Like most of the Detroit skill position players, I don’t expect a big change in stats. The system, and what the Lions are capable of accomplishing on offense isn’t going to change a great deal. The ball control passing game will remain and the Lions should be able to run the ball a bit more if their backs stay healthy. Tate should retain a healthy dose of targets, and be a strong PPR option and a fine bet for WR2 production in standard leagues.

TE Eric Ebron
(2016 TE Rank – No.16 6.4 FPts/G)

I think it’s fair to assume, that entering his 4th year as a pro, Eric Ebron will not return the value or impact the Lions expected when they made him the 10th overall selection in the 2014 draft. Despite a measured rise in stats since his rookie year, Ebron failed to be a consistent playmaker in 2016. Regardless of being 6’4’’ he was a non-factor in the red zone, an area Detroit desperately needed playmakers. He’s fast, but Ebron lacks route running finesse, and doesn’t use his body to make plays on the ball. He’s similar in stature to Antonio Gates, but Gates is an absolute wizard at using body position and leverage to get open at the goal line.

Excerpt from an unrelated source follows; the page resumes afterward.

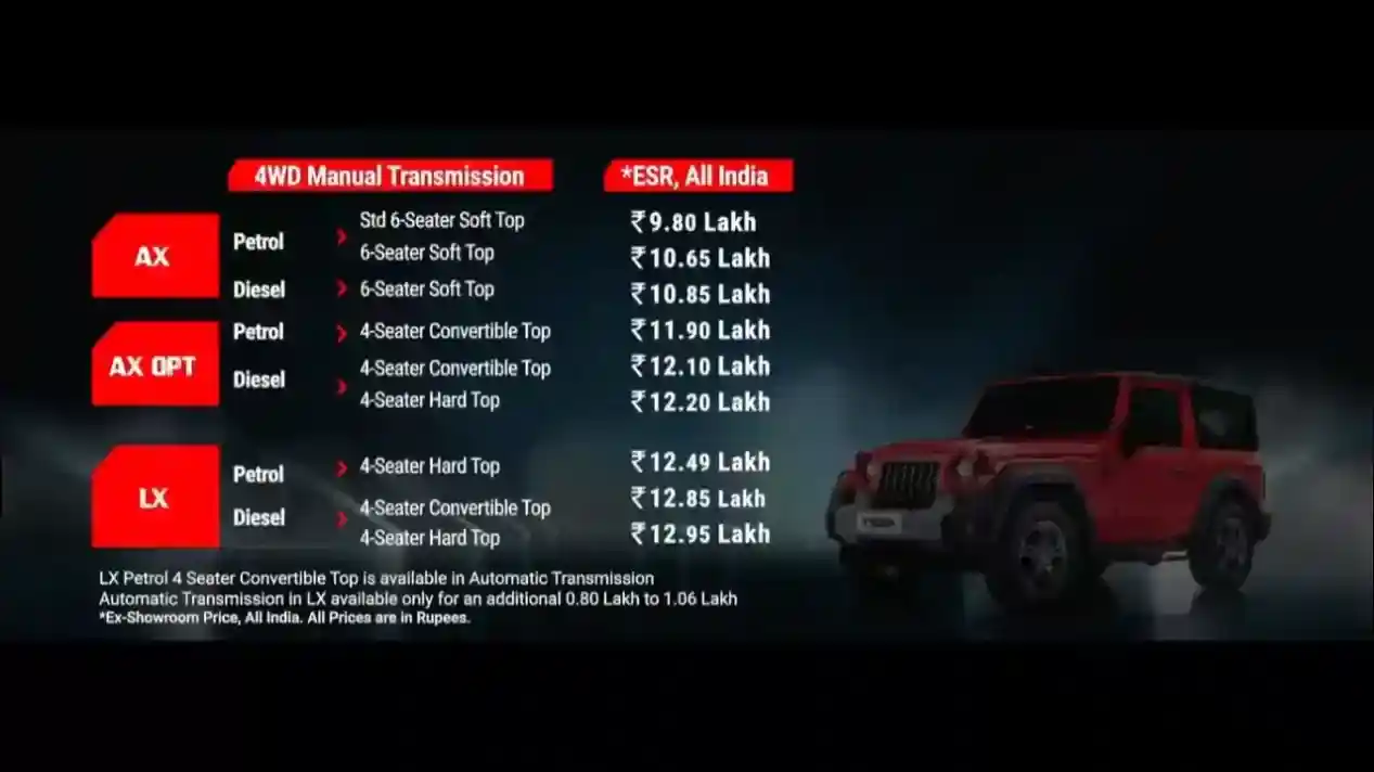 Mahindra Thar for the first time will offer petrol engine alongwith a mHawk diesel engine.

Ebron will always be a tantalizing tease for fantasy owners. The team lost 67 targets when Anquan Boldin left in the off-season, and Ebron is sure to soak up some of those, but until he improves his game inside the 20-yard line, and works on his hands, he will continue to be in the bottom tier of TE1s. This Lions offense has enough guys that produce between the 20s, but until Ebron and the rest of the offense score more touchdowns, the entire team has depressed fantasy value. That said, if there was a tight end I’d take a flyer on, he would be it. If his catch and yardage totals hold steady, it would only take a few more touchdowns to get him into mid to upper range TE1 territory. I’m just not ready to gamble a high draft pick to do it.